§ Work item: From the records below, print only the part that opens with the line containing "GANTUNGAN Stand Hanger" and closes with the line containing "maintenance is easier."; omit the pictures.
Supplied entries Start Marker
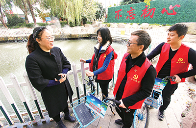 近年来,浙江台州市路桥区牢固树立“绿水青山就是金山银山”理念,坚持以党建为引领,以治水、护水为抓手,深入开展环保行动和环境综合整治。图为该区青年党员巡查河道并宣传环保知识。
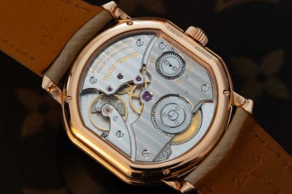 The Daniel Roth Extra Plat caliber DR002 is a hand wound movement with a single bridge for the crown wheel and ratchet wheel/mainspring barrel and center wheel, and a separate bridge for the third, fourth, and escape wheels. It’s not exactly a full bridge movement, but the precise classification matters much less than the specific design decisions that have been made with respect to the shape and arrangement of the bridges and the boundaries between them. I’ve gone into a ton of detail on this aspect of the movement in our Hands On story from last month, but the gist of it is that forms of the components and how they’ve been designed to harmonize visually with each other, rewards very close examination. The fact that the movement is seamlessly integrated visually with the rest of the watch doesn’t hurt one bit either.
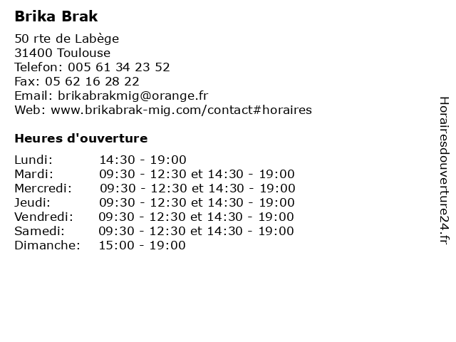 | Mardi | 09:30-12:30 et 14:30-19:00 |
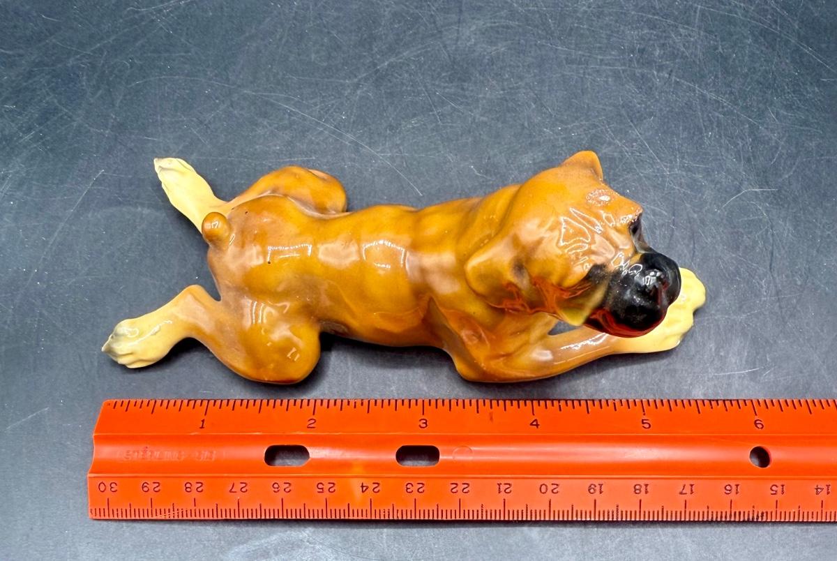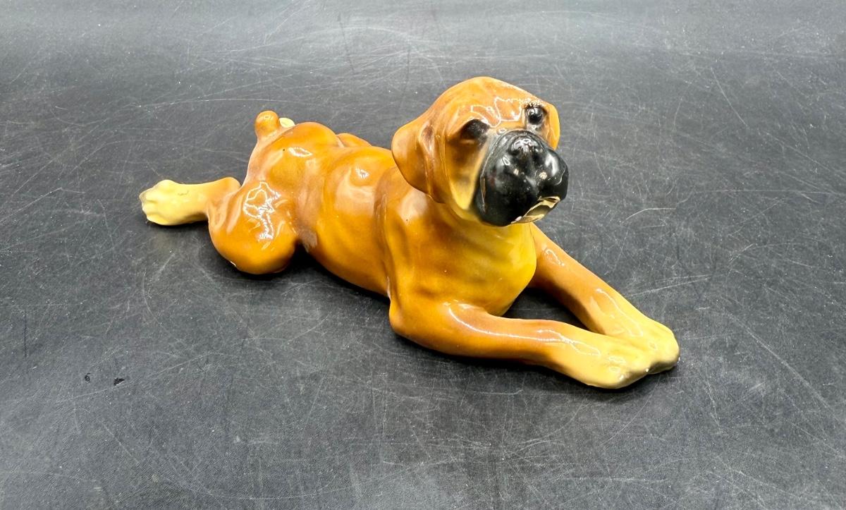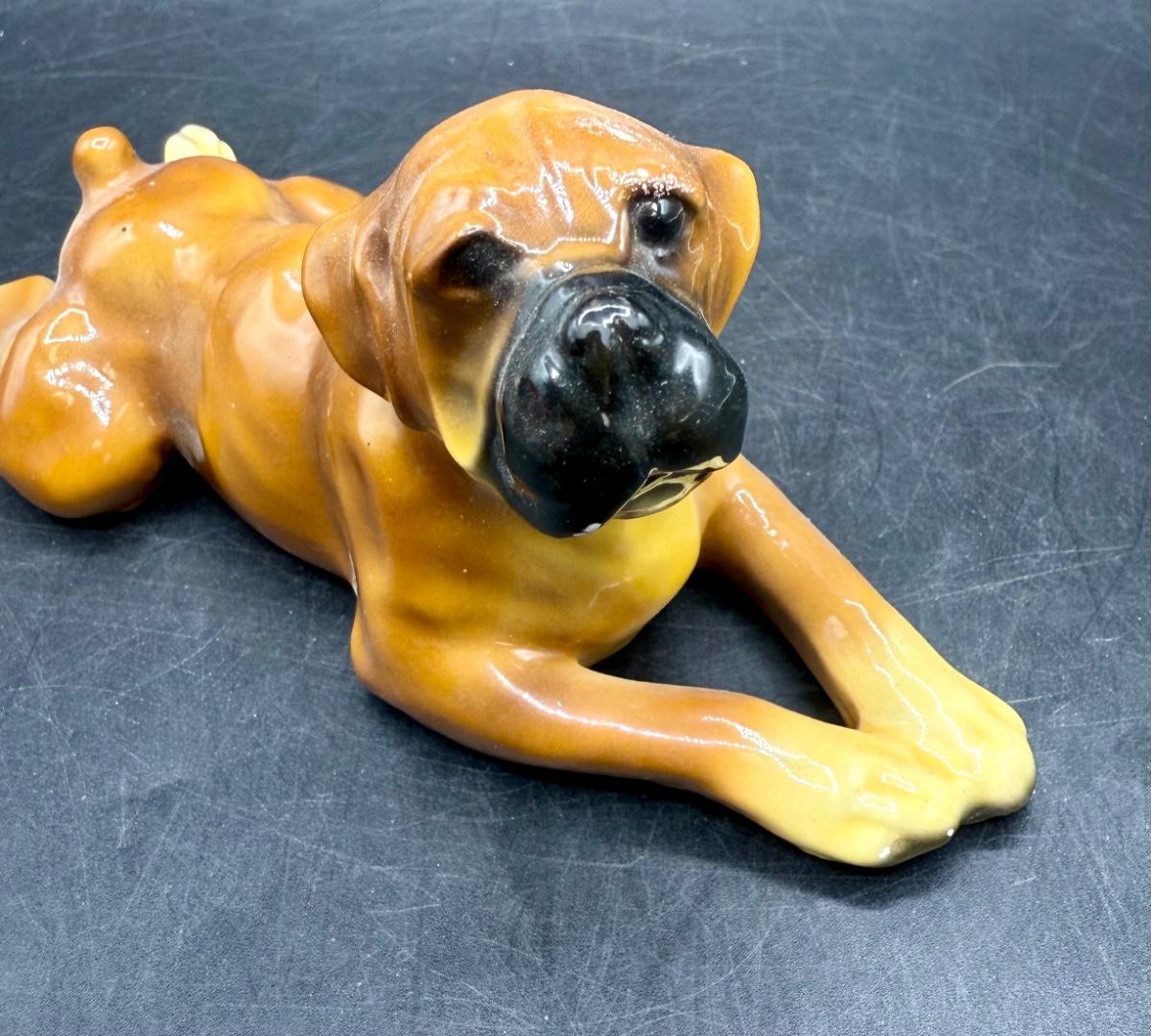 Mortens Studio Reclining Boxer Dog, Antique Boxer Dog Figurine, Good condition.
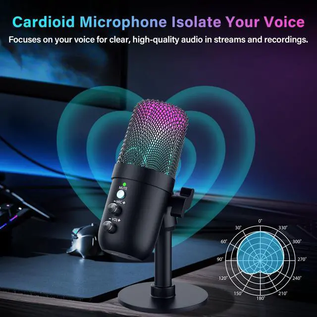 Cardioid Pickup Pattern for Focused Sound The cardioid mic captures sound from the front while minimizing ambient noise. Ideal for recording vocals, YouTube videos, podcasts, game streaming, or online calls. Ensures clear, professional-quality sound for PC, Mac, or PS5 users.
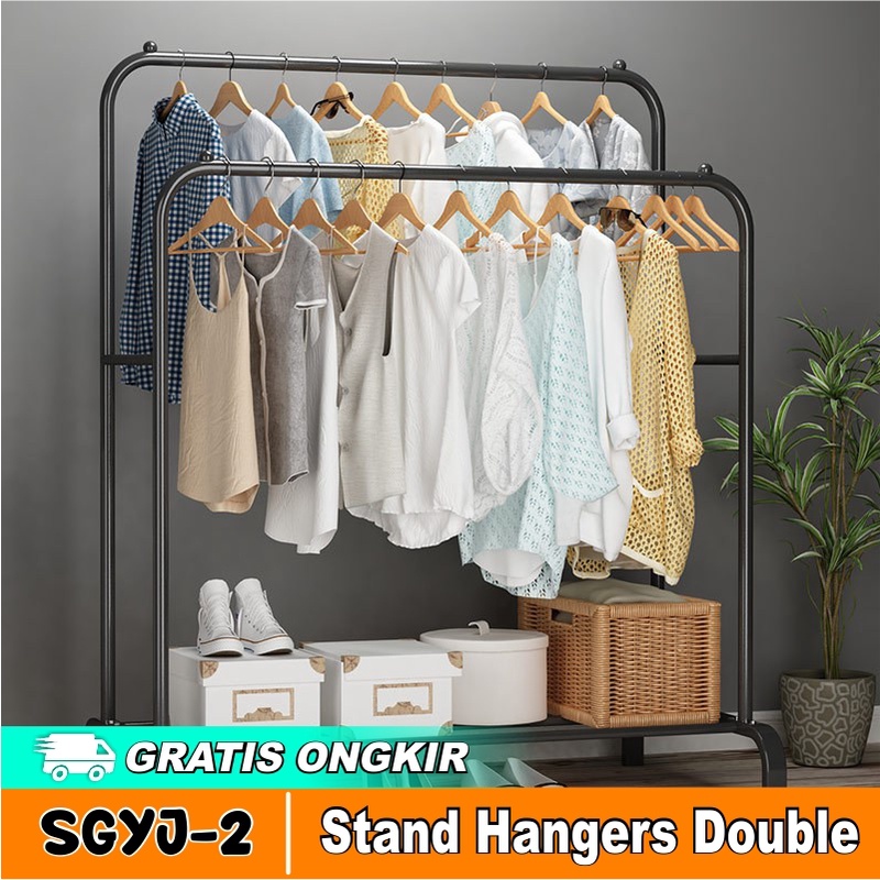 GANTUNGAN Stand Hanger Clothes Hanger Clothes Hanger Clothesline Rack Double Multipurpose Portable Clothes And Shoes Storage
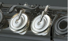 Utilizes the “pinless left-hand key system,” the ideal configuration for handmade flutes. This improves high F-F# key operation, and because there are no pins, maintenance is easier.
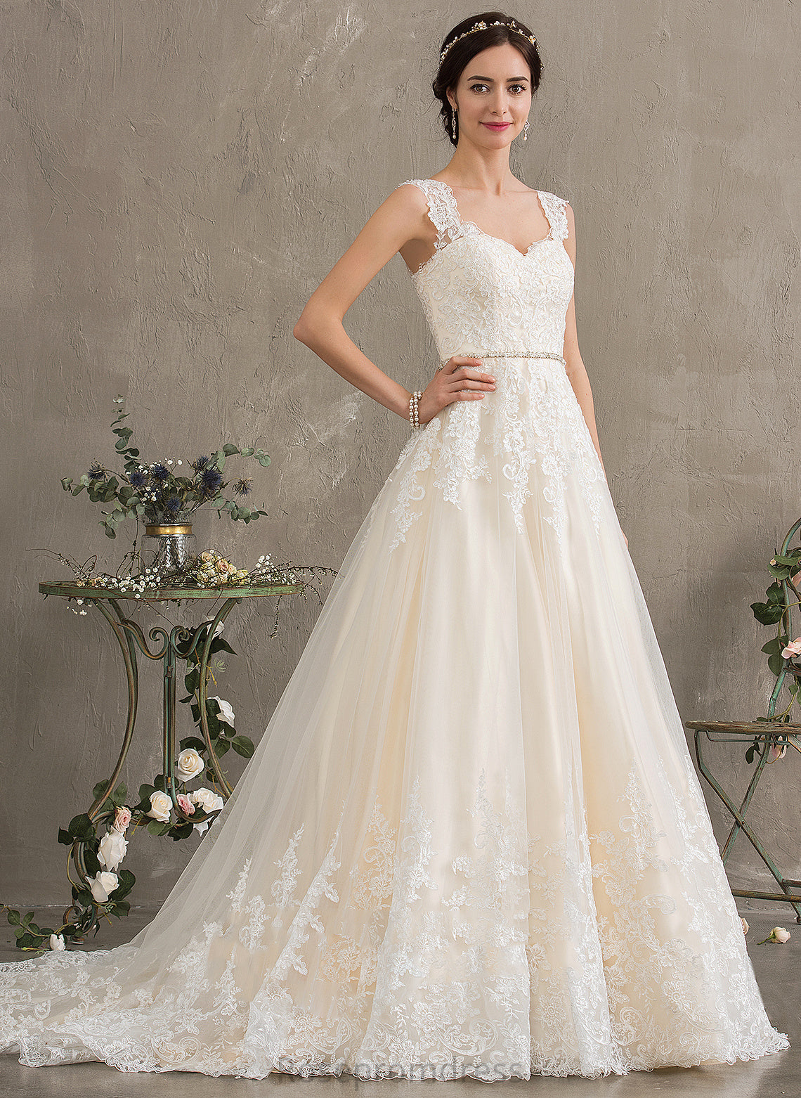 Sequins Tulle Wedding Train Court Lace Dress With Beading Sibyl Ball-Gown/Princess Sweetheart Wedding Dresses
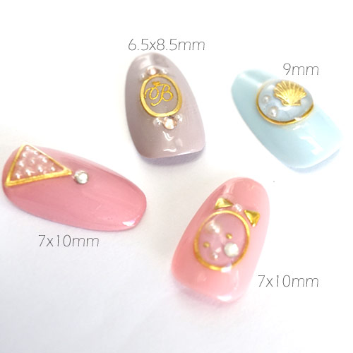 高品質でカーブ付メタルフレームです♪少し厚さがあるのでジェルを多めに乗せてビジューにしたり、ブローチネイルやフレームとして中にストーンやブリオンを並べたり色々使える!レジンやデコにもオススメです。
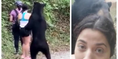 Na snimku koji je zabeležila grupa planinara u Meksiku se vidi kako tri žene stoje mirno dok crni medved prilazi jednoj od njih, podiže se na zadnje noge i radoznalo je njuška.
Supplied entries End Marker
§ Completed exercise:
 GANTUNGAN Stand Hanger Clothes Hanger Clothes Hanger Clothesline Rack Double Multipurpose Portable Clothes And Shoes Storage
 Utilizes the “pinless left-hand key system,” the ideal configuration for handmade flutes. This improves high F-F# key operation, and because there are no pins, maintenance is easier.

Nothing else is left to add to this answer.